(SUPPLIED MATERIAL Opens)
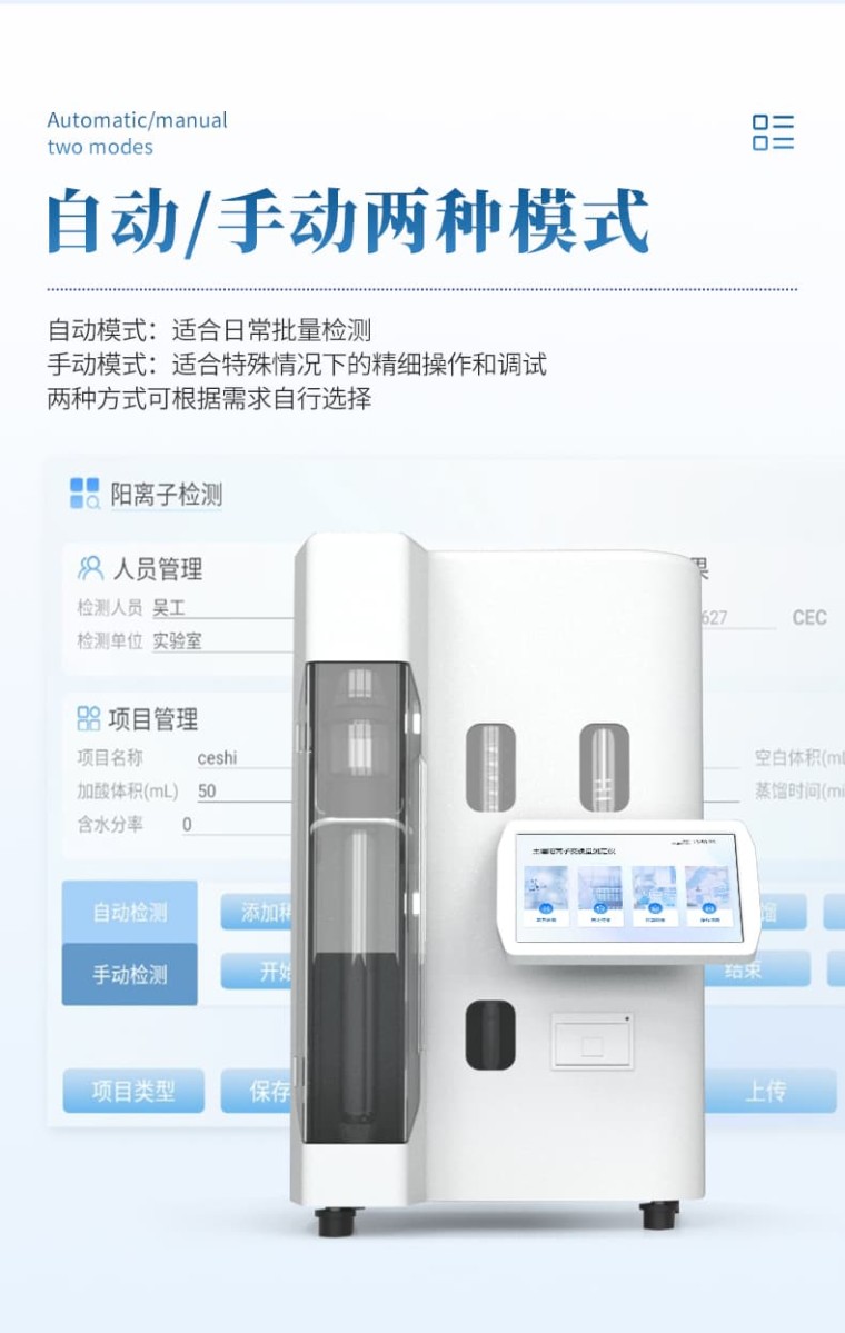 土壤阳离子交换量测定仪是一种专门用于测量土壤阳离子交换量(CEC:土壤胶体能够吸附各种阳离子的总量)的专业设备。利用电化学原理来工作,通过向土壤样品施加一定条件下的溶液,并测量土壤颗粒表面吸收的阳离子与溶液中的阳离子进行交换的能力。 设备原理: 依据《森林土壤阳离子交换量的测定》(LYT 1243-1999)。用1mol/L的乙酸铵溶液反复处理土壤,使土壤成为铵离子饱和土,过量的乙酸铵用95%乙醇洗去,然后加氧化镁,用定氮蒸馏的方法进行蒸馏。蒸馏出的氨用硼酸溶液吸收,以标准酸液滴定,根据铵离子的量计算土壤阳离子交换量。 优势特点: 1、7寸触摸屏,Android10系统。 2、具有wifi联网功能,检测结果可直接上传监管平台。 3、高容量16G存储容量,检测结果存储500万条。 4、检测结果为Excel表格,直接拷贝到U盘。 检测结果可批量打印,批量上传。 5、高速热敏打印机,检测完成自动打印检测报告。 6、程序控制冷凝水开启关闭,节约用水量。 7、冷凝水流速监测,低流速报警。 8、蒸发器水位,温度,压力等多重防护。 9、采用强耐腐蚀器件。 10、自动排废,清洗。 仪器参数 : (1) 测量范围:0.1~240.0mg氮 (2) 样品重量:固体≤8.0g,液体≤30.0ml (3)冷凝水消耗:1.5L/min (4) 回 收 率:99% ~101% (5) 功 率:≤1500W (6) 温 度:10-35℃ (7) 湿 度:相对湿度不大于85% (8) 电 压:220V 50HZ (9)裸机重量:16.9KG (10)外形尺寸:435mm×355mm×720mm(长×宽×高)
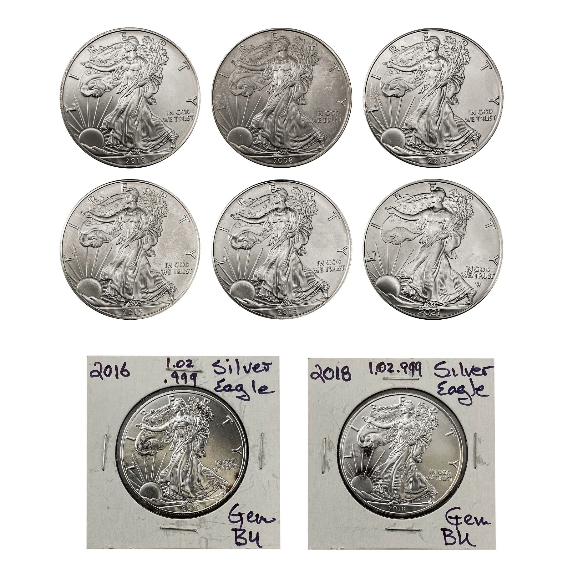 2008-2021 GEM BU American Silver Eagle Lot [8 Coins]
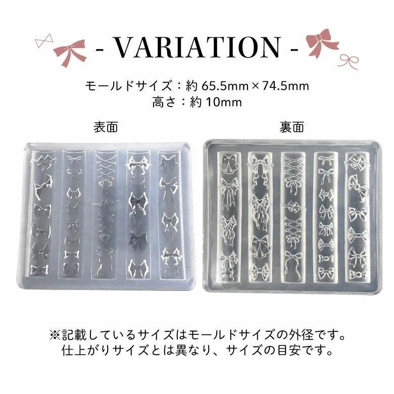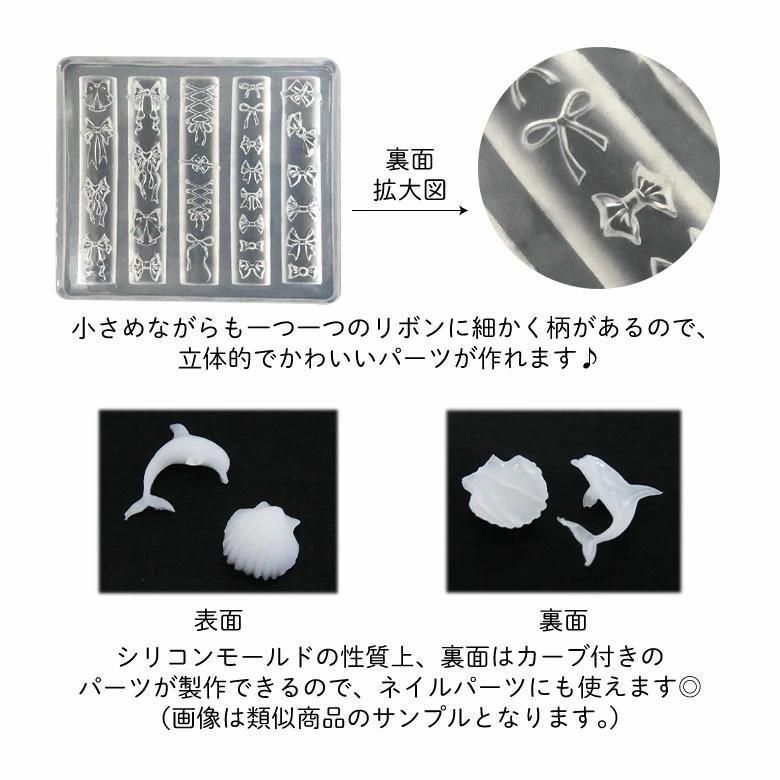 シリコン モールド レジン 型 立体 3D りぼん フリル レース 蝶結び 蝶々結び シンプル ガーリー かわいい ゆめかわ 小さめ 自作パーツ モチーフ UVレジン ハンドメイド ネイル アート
(SUPPLIED MATERIAL Closes)
[ASSIGNED TASK] The lines to copy run from the line containing "2008-2021 GEM BU" through the end of the data above; copy exactly those, minus the pictures.

[RESPONSE AREA]
 2008-2021 GEM BU American Silver Eagle Lot [8 Coins]
 シリコン モールド レジン 型 立体 3D りぼん フリル レース 蝶結び 蝶々結び シンプル ガーリー かわいい ゆめかわ 小さめ 自作パーツ モチーフ UVレジン ハンドメイド ネイル アート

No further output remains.